Depuis 1992, l’acajou de Cuba est classé en annexe II du CITES (Convention sur le commerce international des espèces de faune et de flore sauvages menacées d’extinction), ce qui signifie qu’un certificat est nécessaire aussi bien à l’exportation qu’à l’importation. Il a été surexploité aux XVIIIe et XIXe siècles, est aujourd’hui en voie de disparition et est protégé par la convention de Washington (son exploitation et son commerce sont très réglementés). Son prix oscille entre 30 000 et 50 000 euros le mètre cube.

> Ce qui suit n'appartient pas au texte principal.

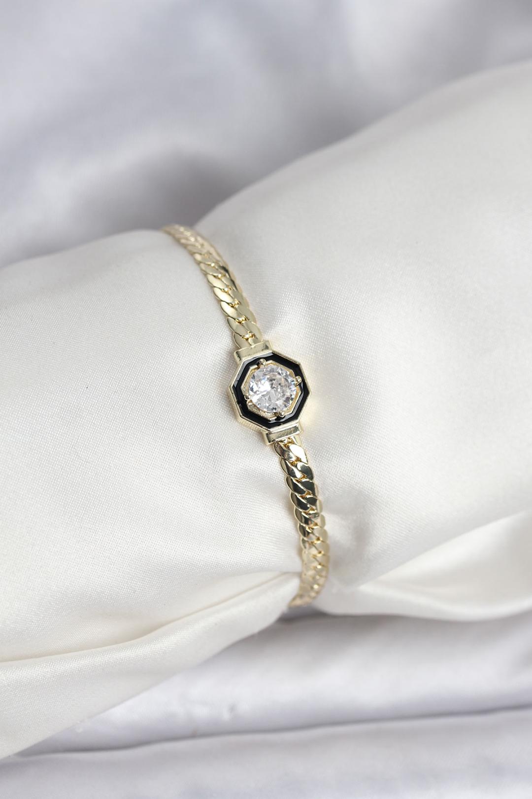 Pirinç Gold Renk Zirkon Taşlı Kadın Bileklik ✨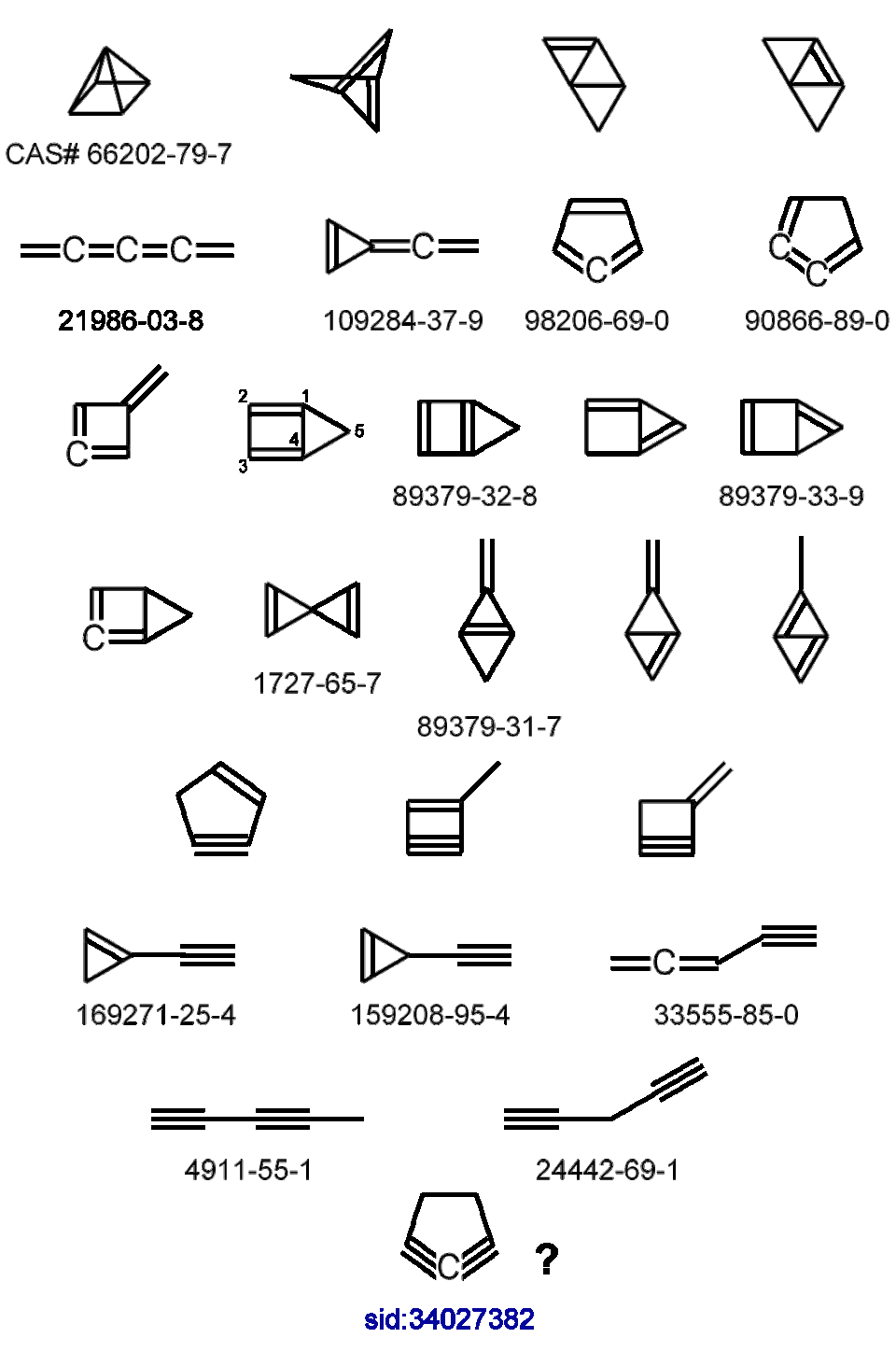 - Un composé avec un carbone hexavalent (!?), le 1,2-cyclopentadiyne est présent sur ChemSpider et est référencé sur PubChem : SID 34027382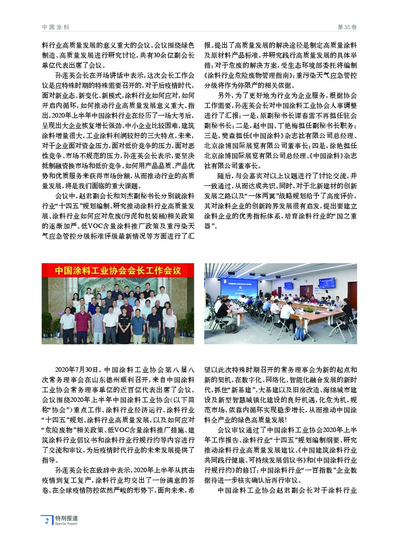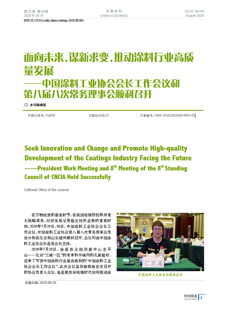 編者按:2020年7月29日、30日,中國涂料工業協會會長工作會議、中國涂料工業協會第八屆八次常務理事會先后分別在北京和山東德州順利召開。會議均由中國涂料工業協會孫蓮英會長主持。

L’acajou de Cuba est très utilisé en Angleterre et en France aux XVIIIe et XIXe siècles pour la réalisation des meubles précieux. En massif il a servi à la fabrication des meubles dits « de port » et très utilisé à la fin du style Louis XVI et sous l’Empire. Il est la figure de proue du meuble portuaire, il est apparu selon G.Leclerc, vers 1520 en Espagne, acheminé comme lest sous forme de planches et de blocs à bord des caravelles, et introduit vers 1595 en Angleterre où il servait à la construction des bateaux car il est imputrescible, résiste absolument aux xylophages et possède un grain serré. On le trouve par exemple à bord du Belém, voilier classé monument historique, avec son salon vitré décoré en acajou de Cuba. C’est l’époque où toute la zone Caraïbe est le territoire des pirates et des corsaires. Selon l’historien Christian Lerat, c’est à partir de 1796 que Santiago de Cuba va devenir une base corsaire, où vont s’installer des armateurs et marins français de Saint-Domingue. Le commerce de ce bois est en plein essor. En 1798 les corsaires se livrèrent de plus en plus souvent à la piraterie et échappèrent au contrôle des autorités. Plus tard, dans les années 1800, les corsaires français deviennent des pirates et s’installent dans l’est de l’île, peu peuplée, difficile à contrôler, et juste en face de Saint-Domingue, d’où ils peuvent intercepter les navires anglais et américains, notamment leurs précieuses cargaisons d’Acajou (entre autres) en partance pour le vieux continent.